=== Exercise aim ===
After locating the line that contains "Nakkilan Yrittäjien myöntämän", quote it and all lines after it through the end of the entries, and nothing more. Pictures stay out.

(Items from a dataset)
════════════════

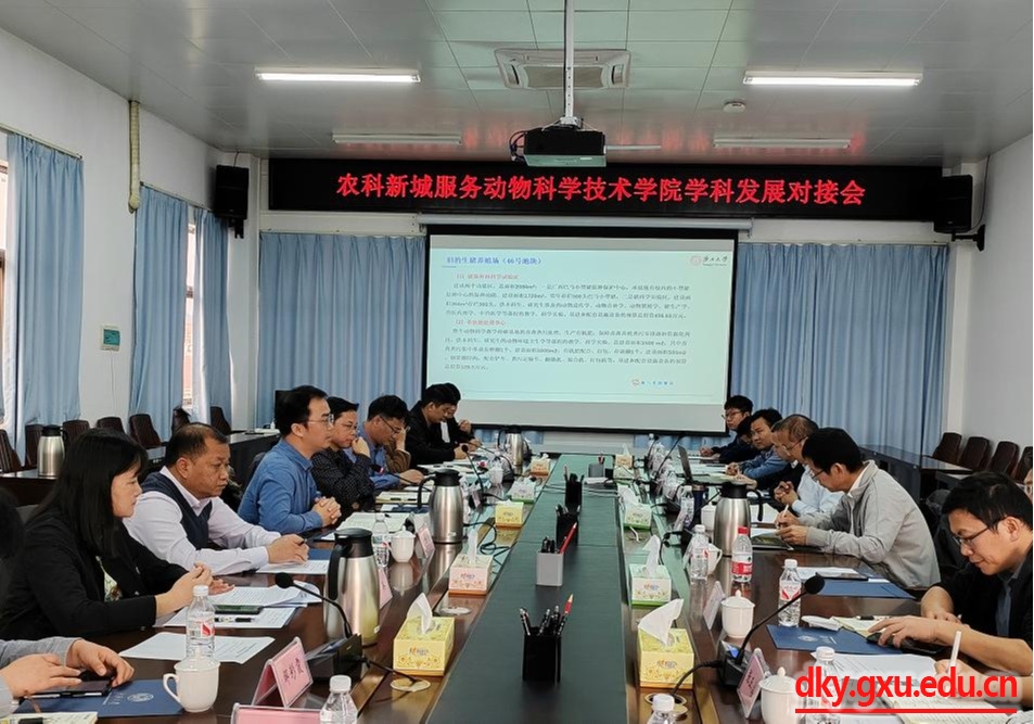 为更好的发挥农科新城服务涉农学科的教学科研功能,交叉协同支撑现代农业与大健康学科群建设,推动新农科基地建设,促进太阳成集团tyc234cc一流学科发展。1月18日,太阳成集团tyc234cc经理陆阳清,副经理宁鹏飞、何家康、蒋钦杨,教师代表邹彩霞、潘英等一行9人,赴广西亚热带农科新城,与太阳成集团tyc234cc农牧产业发展研究院、发展规划处、资产经营有限公司等单位领导、团队负责人开展农科新城服务太阳成集团tyc234cc学科发展对接会。
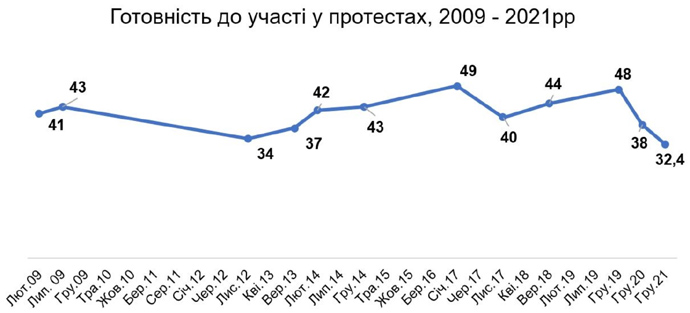 У грудні 2021 року в акціях протесту готові брати участь 32,4% дорослих жителів України. Рівень готовності до участі в акціях соціального протесту знизився на 5,6% порівняно з 2020 роком".
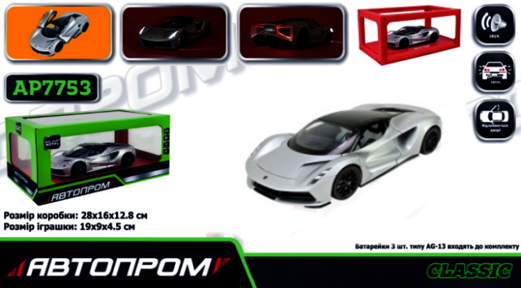 Машина мет. АВТОПРОМ 1:24, 3 цвета, бат, мир., звук, дверь откр., в корр. 29*16,3*14,3см (12шт)
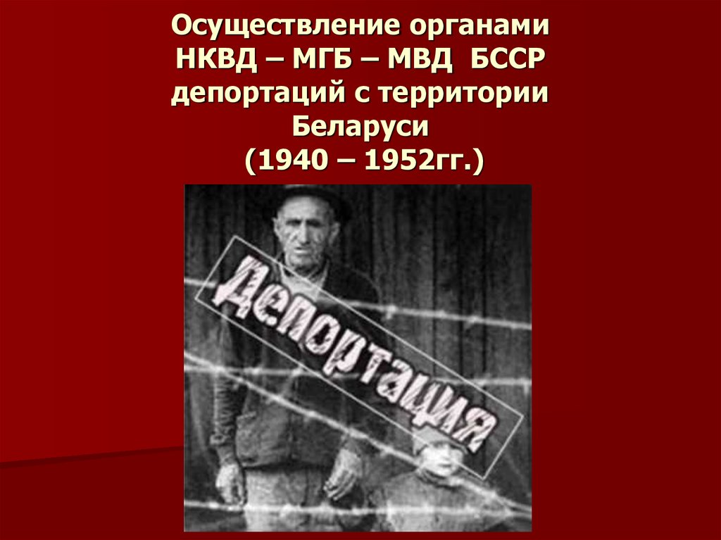 1. Осуществление органами НКВД – МГБ – МВД БССР депортаций c территории Беларуси (1940 – 1952гг.)
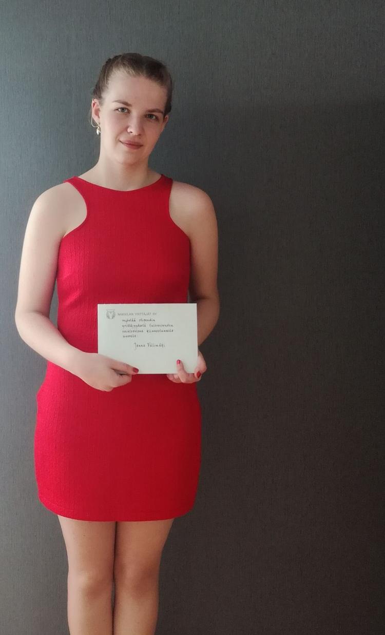Nakkilan Yrittäjien myöntämän stipendin saaja Jenna Välimäki.
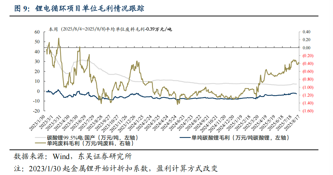 盈利跟踪:金属价格各有涨跌&折扣系数持平,盈利下滑。我们测算锂电循环项目处置三元电池料(Ni≥15% Co≥8% Li≥3.5%)盈利能力,根据模型测算,本周(2025/8/4~2025/8/8)项目平均单位碳酸锂毛利为-2.48万元/吨(较前一周-0.07万元/吨),平均单位废料毛利为-0.39万元/吨(较前一周-0.011万元/吨),锂回收率每增加1%,平均单位废料毛利增加0.037万元/吨。期待行业进一步出清、盈利能力改善。
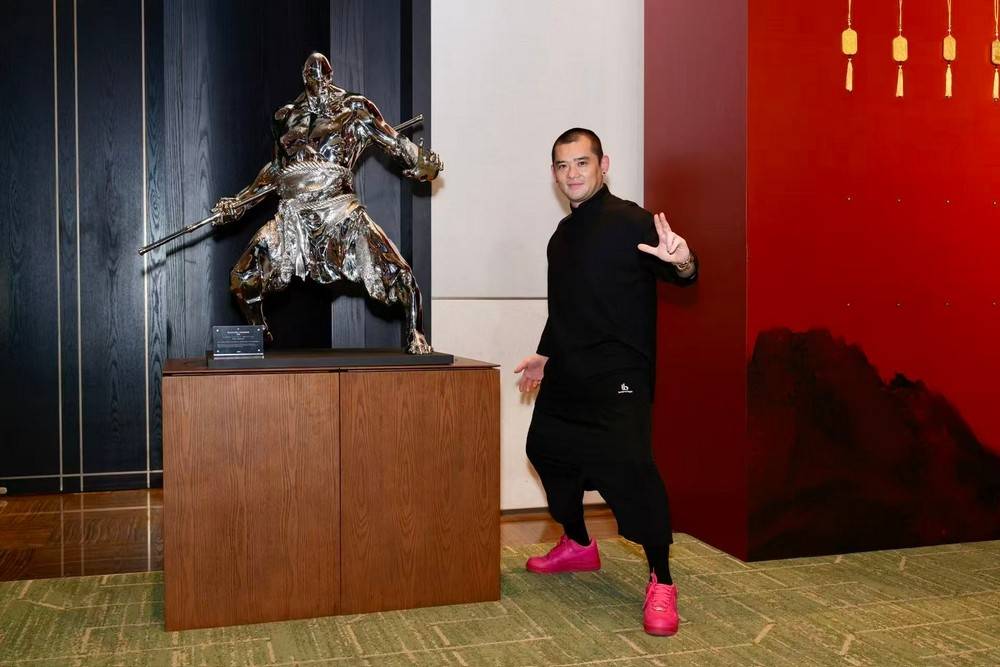 本次金鸡百花电影节“香港之夜”活动特别强调了江湖主题。主办方专程从香港邀请到了金庸先生次子查传倜来到了现场。同时,雕塑艺术家任哲的侠义主题雕塑,在现场完美呈现,将“江湖”主题氛围拉满。

════════════════

=== Exercise result ===
Nakkilan Yrittäjien myöntämän stipendin saaja Jenna Välimäki.
 盈利跟踪:金属价格各有涨跌&折扣系数持平,盈利下滑。我们测算锂电循环项目处置三元电池料(Ni≥15% Co≥8% Li≥3.5%)盈利能力,根据模型测算,本周(2025/8/4~2025/8/8)项目平均单位碳酸锂毛利为-2.48万元/吨(较前一周-0.07万元/吨),平均单位废料毛利为-0.39万元/吨(较前一周-0.011万元/吨),锂回收率每增加1%,平均单位废料毛利增加0.037万元/吨。期待行业进一步出清、盈利能力改善。
 本次金鸡百花电影节“香港之夜”活动特别强调了江湖主题。主办方专程从香港邀请到了金庸先生次子查传倜来到了现场。同时,雕塑艺术家任哲的侠义主题雕塑,在现场完美呈现,将“江湖”主题氛围拉满。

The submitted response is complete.